Communism had ended, but the elites remained in their place. They privatized their assets, but they were the same people who ruled the USSR. There was a thin layer of Democrats such as (Mikhail) Gorbachev or (Andrei) Sájarov, the famous dissident. (Boris) Yeltsin was part of the old elite, transformed power into the new era. The kgb stayed as FSB; the Soviet army also and the entire administrative apparatus.
P. Can war continue in Ukraine without Putin?
R. Yes. Even if Putin leaves, if he dies suddenly, if there is a coup d’etat, if they kill him, there would be no immediate or easy transition. There is a second step and a third step. The power is in the hands of those who have gone through the war, who benefit from it. Even if you leave, this war will not end from one day to another: they will say that the objectives were not achieved, which Russia will never be defeated. In addition, the economy now works with this war impulse.
After three years, the inertia of war, the dynamics of the world is such that Putin cannot stop it. And I’m afraid they also have the Great West in the spotlight. There is a much larger plan for world war, not necessarily nuclear, but hybrid to destabilize Europe. Putin is happy with war, that is his natural state, which allows him to govern.
P. Many people think they are crazy.
R. No, I think it is quite rational in its way of thinking. It may seem crazy to foreigners because it goes beyond the rules. He was the first in the world to demonstrate that they can be transgressed without being punished. Russia invaded Georgia in 2008 and nothing happened; Crimea was annexed in 2014 and either, everything remained the same. Some minor sanctions, but then the 2018 World Cup arrived. West continued to buy oil, continued to trail with Russia. Putin was the first to demonstrate that great nuclear power can completely ignore international law without punishment.
It is very rational, calculating, intelligent enough to build the entire Russian political system around it. To appropriate the entire Russian political sphere; Infuse fear in the elite, control it.
P. What would Russian citizens accept for peace with Ukraine?
R. They will accept what Putin tells you. You can tell them that they have won, that they retire from Ukraine, but that it is weakened and will seem good. In Russia there is no public opinion, or public awareness or mentality. It is just a mass of people willing to accept everything that propaganda tells them. So, if they inform them that Washington will be bombed, they will say it is worth.
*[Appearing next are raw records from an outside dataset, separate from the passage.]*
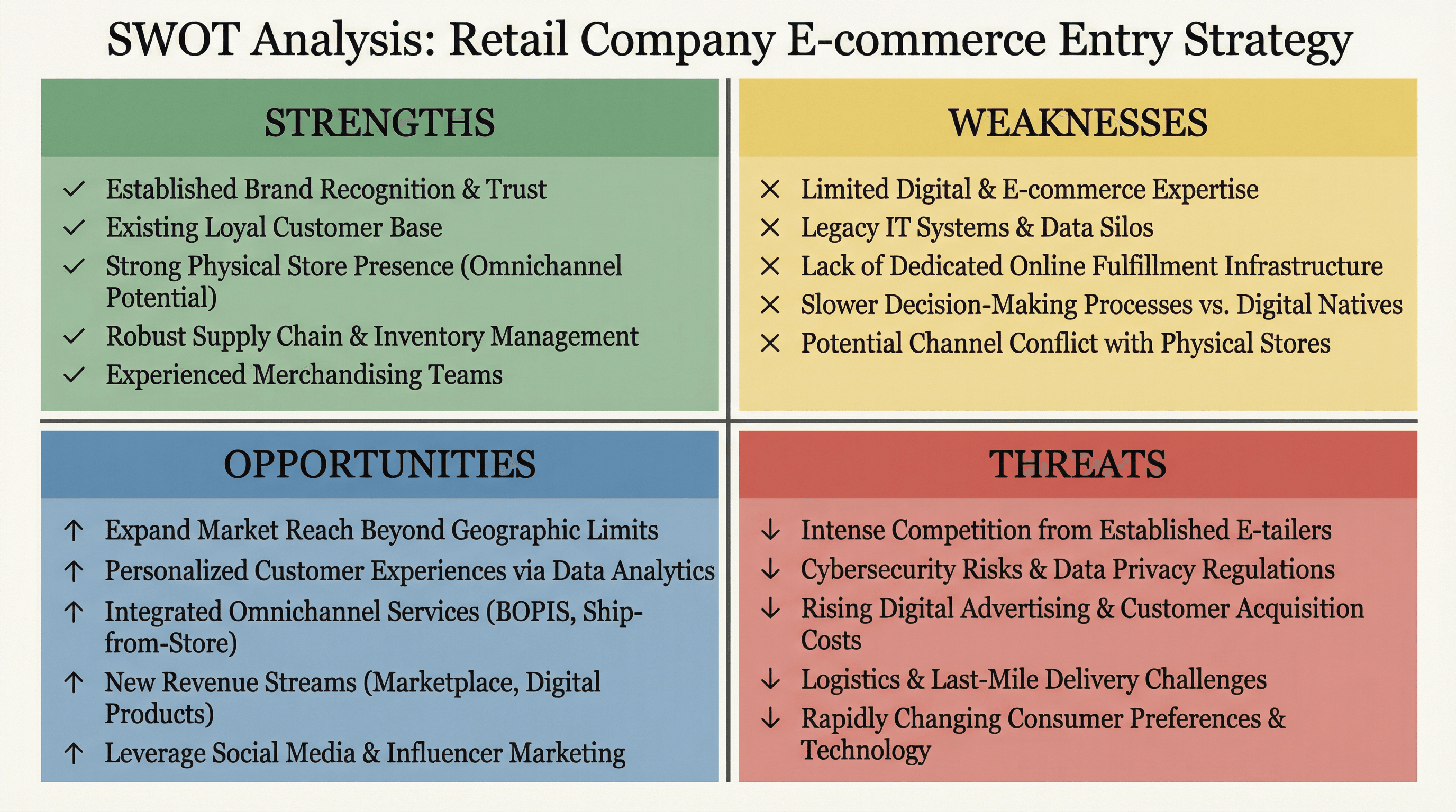 Design a 4-quadrant SWOT analysis slide for a retail company entering e-commerce. Use a classic consulting framework style with four equal quadrants in distinct colors (green strengths, yellow weaknesses, blue opportunities, red threats), bold quadrant labels, bullet point lists, clean dividing lines, BCG/McKinsey aesthetic, and professional serif headers.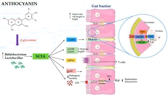 Dietary anthocyanins undergo a specific metabolism with the absorption rate depending on their structure. Briefly, anthocyanins cross the gastric mucosa in their intact form. Thereafter, in the small intestine, mainly in the jejunum, they are absorbed by hydrolytic enzymes as phenolic aglycone. The unabsorbed anthocyanins reach the colon, and are metabolized by the colon microbiota, especially by genera and species that are equipped with enzymes such as β-glucosidase, which are necessary to catalyze the reaction. Intestinal bacteria such as Bifidobacterium spp. and Lactobacillus spp. possess these enzymes; thus, the anthocyanin metabolism by microbiota and/or their metabolites can modulate the growth of these specific bacteria [9,10,11]. In this sense, the modulation of gut microbiota by anthocyanin increases the short chain fatty acids (SCFA) producing bacteria, which acidifies the intestinal pH and inhibits the pathogenic bacteria proliferation, and SCFA as butyrate act as a fuel to provide energy for epithelial cells, thus improving the intestinal barrier to avoid the translocation of pathogens and antigens [12]. Thereby, it is suggested that the potential beneficial functions of anthocyanins could be indirectly attributed to the gut microbiota modulation and consequent production of metabolites due to bacterial fermentation activities, which improve several parameters related to the intestinal health [9,13].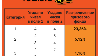 Данная лотерея на мой взгляд является самой интересной из всех представленных лотерей у Столото. Так получилось потому, что сумма выигрыша в ней довольно часто выше затраченных средств хотя бы рублей на 30-50. К тому же выигрышных категорий у этой лотереи больше всего, следовательно хоть какие-то шансы всё же имеются. Получается чтобы выиграть, нужно угадать 2 числа из выбранных 8. Если угадано 3, то сумма билета вернётся вам обратно. Советуют покупать сразу несколько билетов на один розыгрыш, потому что это якобы лучше, чем растягивать по одному билету на тираж/день/неделю...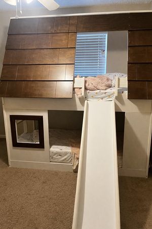 Selling our custom house-style loft bed with slide. Solid, sturdy, and SUCH a cool setup for a kid’s room.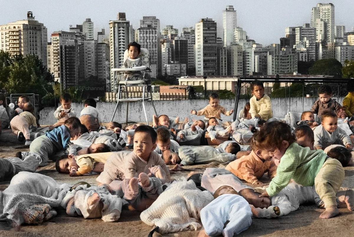 This photo shows children abandoned by their parents playing on the flat roof of the FEBEM center in the Pacaembu district of São Paulo. The facility houses 430 children: 35% were found abandoned on the city streets, while the rest were deliberately abandoned by their parents, unable or unwilling to care for them.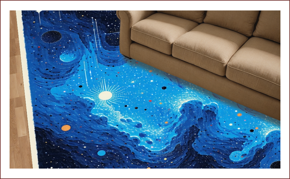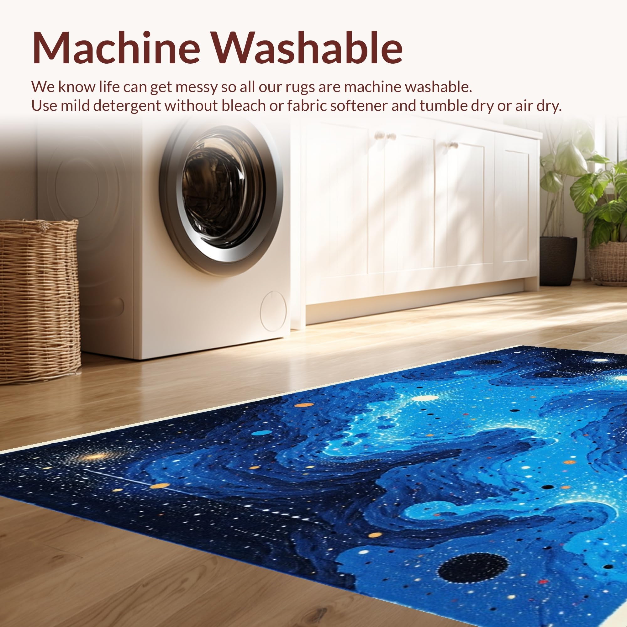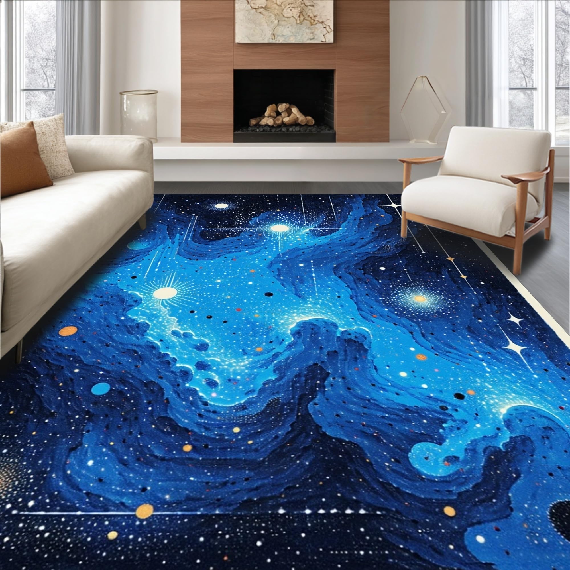 Ultra Soft Area Rug, Non Slip, Stain Resistant, Washable Area Rugs for Living Room, Bedroom, Abstract Galaxy Living Room Non-Slip Space Rug(Blue) Overview: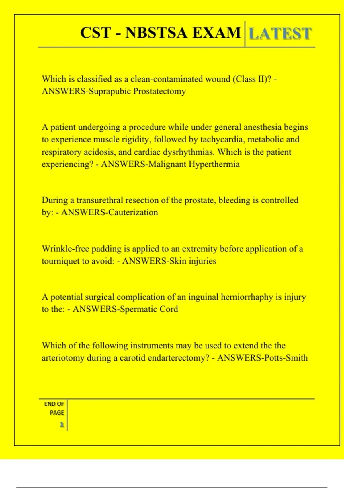 CST - NBSTSA EXAM QUESTIONS AND ANSWERS 2025

Or if they are told to do business with China. They don’t care about politics much. They care about their daily lives, they are very conformist people.
P. Is there alternative to this regime abroad?
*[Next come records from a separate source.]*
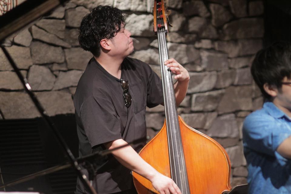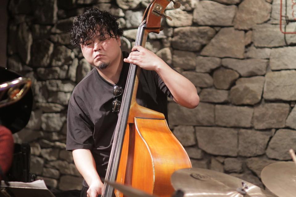 ▶残響の短い音色で歌うように弾く佐藤さんのベースソロを受け止めるように、平倉さんが優しい音色でピアノソロを弾き始めます。少しずつ強いタッチになり速度を上げ、よりシャープな打鍵で弾いていき、歌いながら演奏を進めます。さらに強度を増していき、車の運転でカーブを切るような動作で弾いて大きく歌い、遂には椅子から飛び上がるようにして躍動感豊かに弾いていきました。北沢さんが呼応して、大きなサウンドで並走します。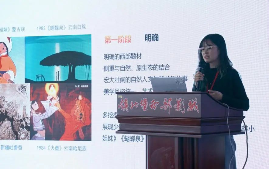 中国传媒大学龚倚玄以《脉络、转译与发展——中国西部历史文化题材动画创作研究》为题,梳理中国西部历史文化发展进程,阐述中国西部历史文化题材动画创作的发展脉络,分析中国西部历史文化在动画中的转译与焕新中,人物、元素、场景等细节处理,以及美学风格与西部精神情感处理。面对动画发展的新景象,中国动画未来可以向挖掘可转译、可跨文本的动画元素,输送中国西部历史人文自然形态出海等方向努力。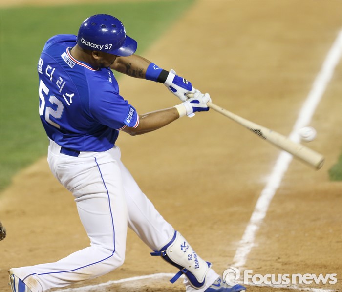 (서울=포커스뉴스) 15일 서울 잠실구장에서 열린 2016 프로야구 삼성-두산 경기 7회초 2사 2루에서 삼성 발디리스가 타격하고 있다.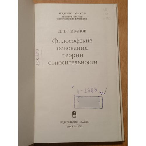 Грибанов. Философские основания теории относительности. Наука. 1982 год.

R. If there is any alternative, it is within the country. I don’t think it can be changed from the outside. The Russian opposition in exile has enormous respect for many people like (Alexéi) Navalni or (Gari) Kaspárov. But no illusions are made, they are nobody in Russia. The only person who represented a serious threat to the regime and who could gather people behind him was Navalni and was killed.
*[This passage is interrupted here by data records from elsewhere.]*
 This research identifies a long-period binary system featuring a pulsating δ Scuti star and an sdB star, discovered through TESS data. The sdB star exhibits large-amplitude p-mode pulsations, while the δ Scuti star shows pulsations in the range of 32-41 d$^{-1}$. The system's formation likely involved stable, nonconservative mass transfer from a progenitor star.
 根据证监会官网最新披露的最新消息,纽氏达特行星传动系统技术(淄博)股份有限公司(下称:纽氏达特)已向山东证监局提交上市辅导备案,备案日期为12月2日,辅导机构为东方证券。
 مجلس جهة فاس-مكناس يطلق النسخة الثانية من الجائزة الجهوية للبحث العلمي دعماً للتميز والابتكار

P. It is, therefore, to find a way to face the nature of this Russia.
R. In the last 400 years, Russia is the same colonial state, the state that colonizes the country. It sounds hard, but it is a somewhat servile society, which has no independence. People in Russia have not separated from the State, which now governs through absolute fear. There are no independent cities, universities or communities, nor a feeling of national identity. Society remains repressed as in the era of Ivan the terrible, Pedro El Grande, Nicolás I, Lenin and Stalin. There have been brief periods of freedom, but then, the State returns.